Times (s) = 0.033, 0.032, 0.032, 0.032, 0.032
Average Time (s) = 0.032 s

Task 5 - Using an arithmetic growth strategy instead of a geometric one

This task involved experimenting with an arithmetic (incremental) growth strategy instead of the geometric one from previous experiments. In general, using an arithmetic growth strategy seems to be slower than a geometric one. Of course if the arithmetic factor is increased enough, then we achieve the optimal time of 0.032 s. That is effectively almost identical to increasing the minimum allocation size to something ridiculous or calling ensure_capacity(large number) at the start.


Capacity+1000 and n=10,000 lots of 10 pushes

Times (s) = 0.011, 0.012, 0.011, 0.012, 0.011
Average Time (s) = 0.011 s


Capacity+1,000,000 and n=1,000,000 lots of 10 pushes

Times (s) = 0.142, 0.141, 0.142, 0.141, 0.140
Average Time (s) = 0.141 s


Capacity+5,000,000 and n=1,000,000 lots of 10 pushes

Times (s) = 0.051, 0.051, 0.051, 0.051, 0.051
Average Time (s) = 0.051 s


Capacity+10,000,000 and n=1,000,000 lots of 10 pushes

Times (s) = 0.040, 0.040, 0.040, 0.040, 0.040
Average Time (s) = 0.040 s


Capacity+50,000,000 and n=1,000,000 lots of 10 pushes

Times (s) = 0.031, 0.032, 0.032, 0.032, 0.032
Average Time (s) = 0.032 s

Task 6 - Using arraylist_put instead of arraylist_push

This task involved repeating experiment 1 with default settings, but putting elements at the front rather than pushing elements on to the end each time. As the results show, this is a VERY slow process and I had to lower n in order to obtain reasonable times. As I doubled n, the time more than doubled - it exponentially increases. From code inspection, it should be fairly obvious that putting an element at the start of the array means that the whole array has to be shifted along one space by memmove()... this is extra work on top of the rudimentary parts of the function. Mathematically, the reason for the exponentially growing time is: Time to shift data α Array size α n


n = 500 lots of 10

Times (s) = 0.005, 0.005, 0.005, 0.005, 0.005
Average Time (s) = 0.005 s


n = 1000 lots of 10

Times (s) = 0.031, 0.031, 0.031, 0.030, 0.030
Average Time (s) = 0.031 s


n = 2000 lots of 10

Times (s) = 0.139, 0.140, 0.142, 0.141, 0.140
Average Time (s) = 0.140 s

Conclusion

There are risks and trade-offs when using arithmetic growth, geometric growth and putting aside memory at the start of the program.
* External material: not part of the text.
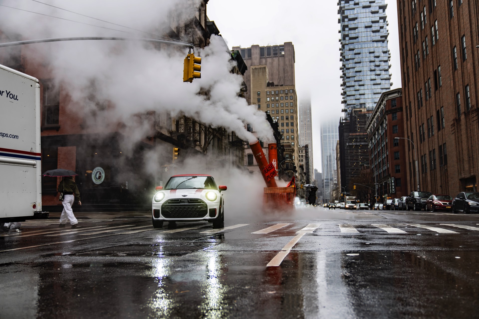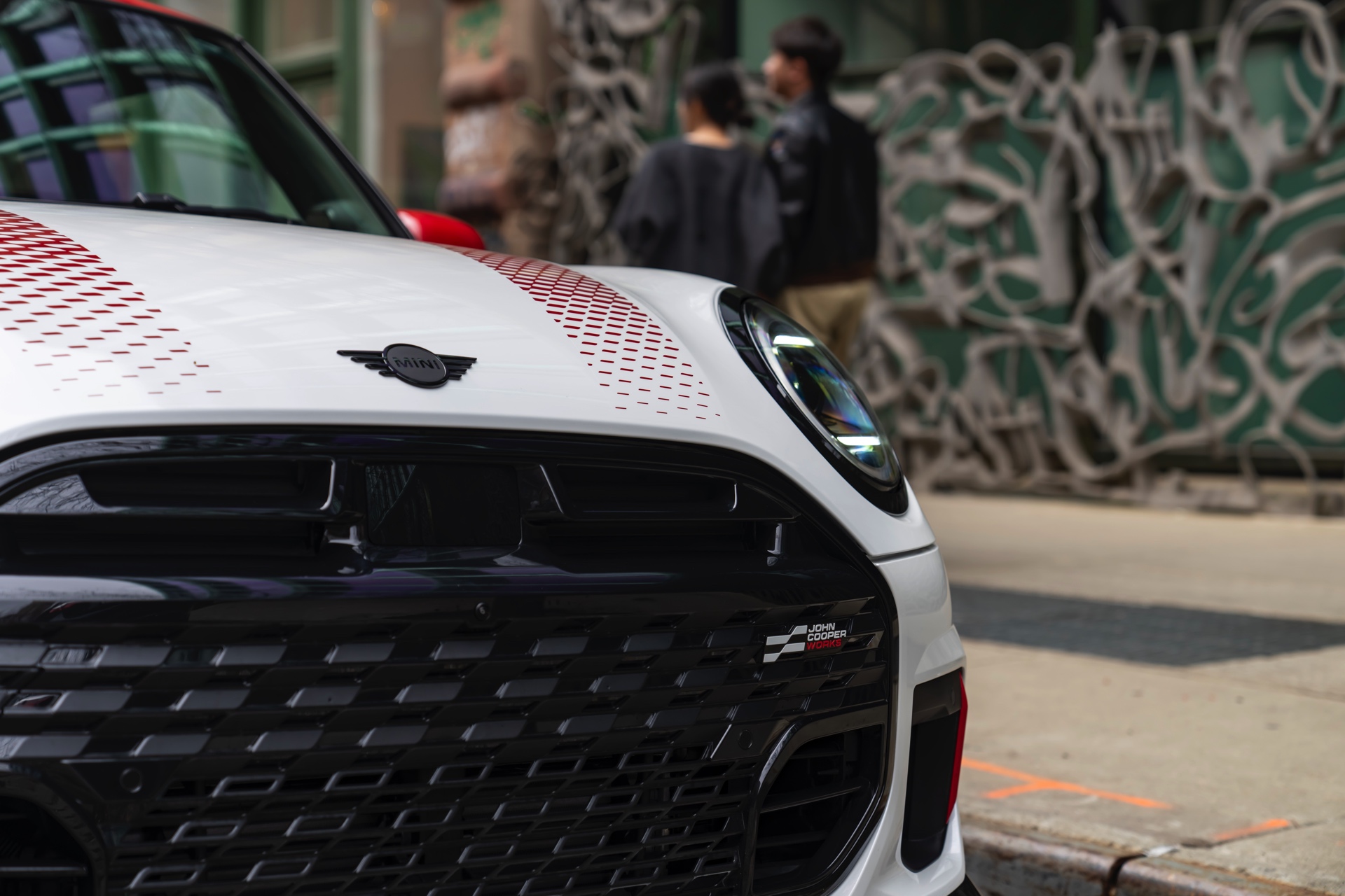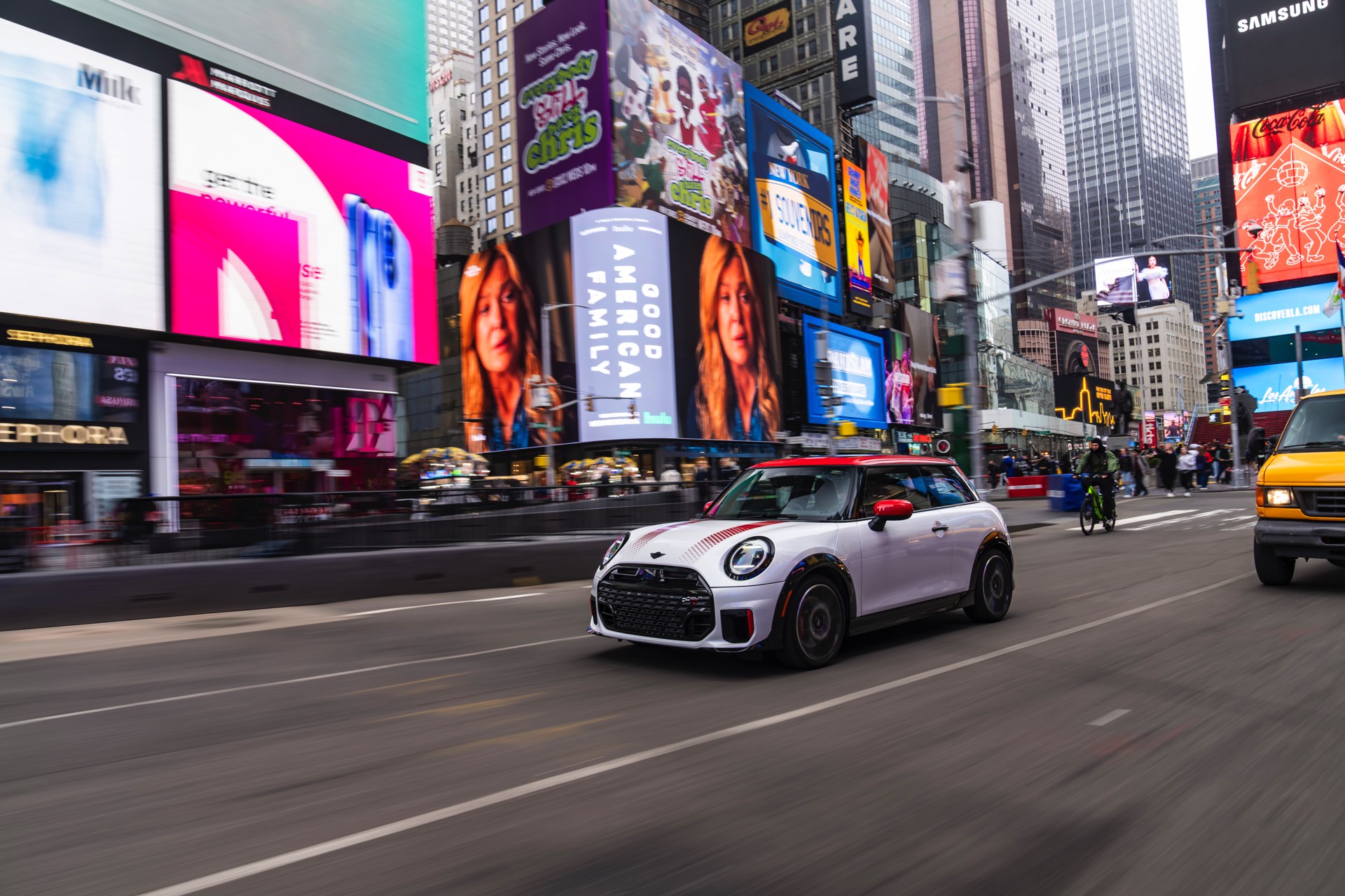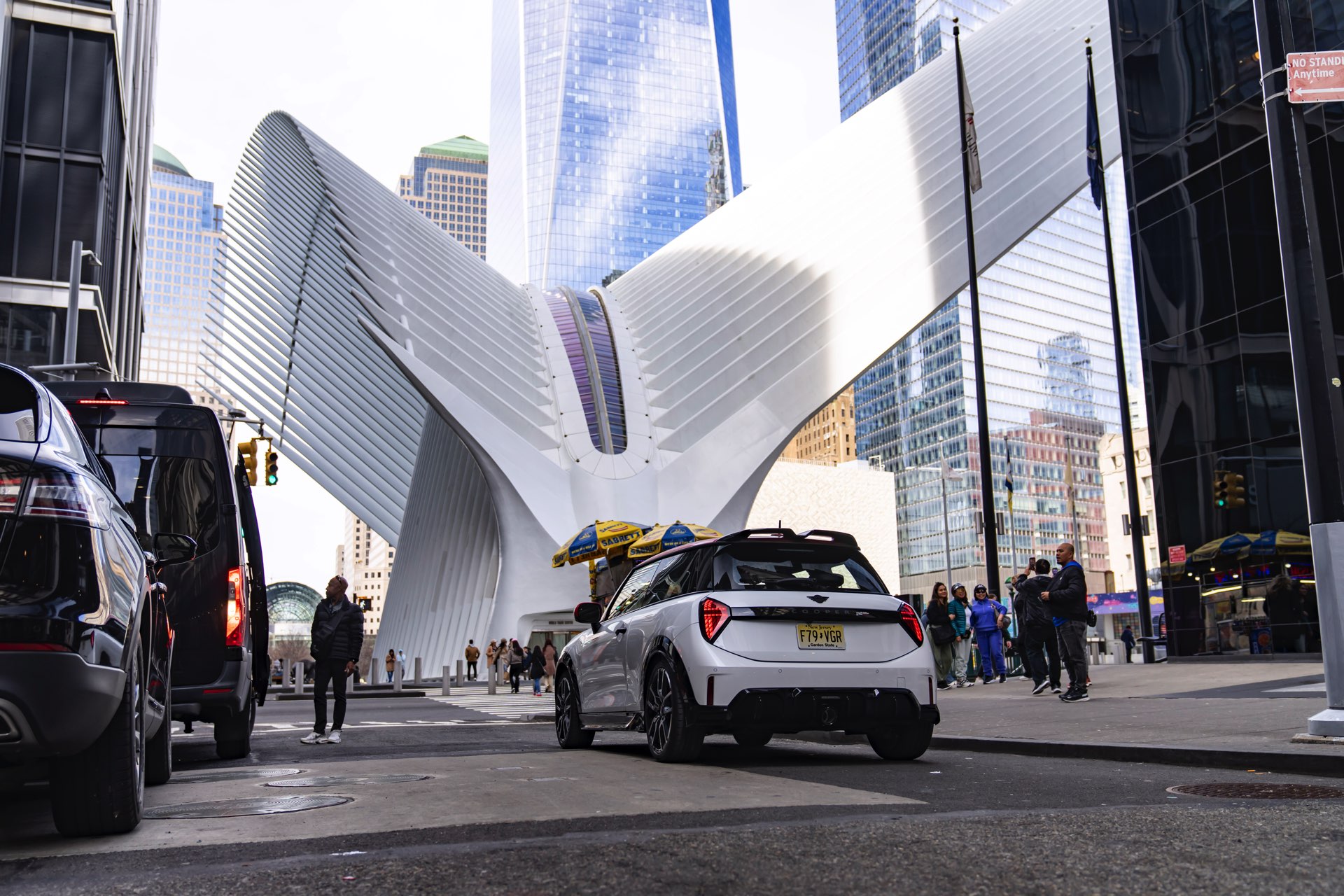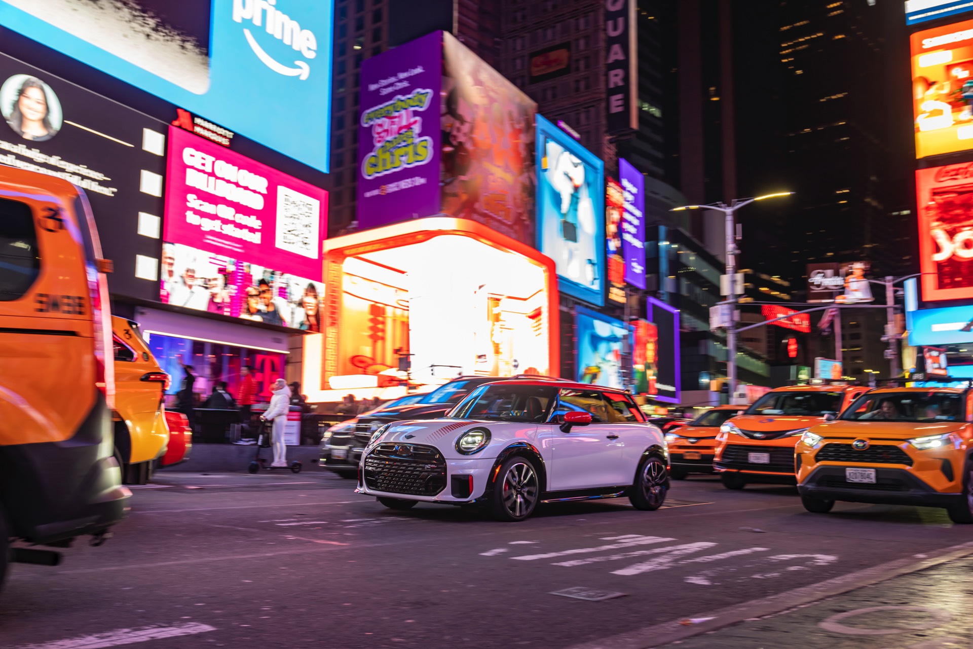 Ein wendiger und agiler Kleinwagen mit ordentlich Leistung kann seine Stärken in diesem Umfeld bei fast jeder Fahrt ausspielen und natürlich gestaltet sich auch die Parkplatz-Suche mit seinem Format wesentlich einfacher als mit einem SUV amerikanischer Prägung. Ein aktuelles Foto-Set zeigt uns die dynamischste Ausprägung des neuen MINI Cooper (F66) im unverwechselbaren Umfeld der US-Metropole: Im Fokus steht und fährt ein MINI John Cooper Works in Nanuq White, der mit rotem Kontrastdach, roten Außenspiegeln und roten Haubenstreifen auf seinen sportlichen Anspruch hinweist. "

Geometric growth factors seem to be the most consistent, but there is always a danger of overstepping the computer memory as the array capacity increases very quickly. Putting aside memory at the start can be quite useful if we are able to anticipate what is required before the program is run. The problem with arithmetic is that it doesn't seem to scale as easily/well as geometric factors, but that can be remedied with a bit of tinkering. And lastly, a larger investment of memory (in one shot) for all systems, tends to result in a faster runtime because the program is not forced to continually resize the array and move plenty of data around using realloc().

I had next to no problems in this lab... in fact the only problems were the discrepancies between the MSVC campus results and the Dev-C++ home system results.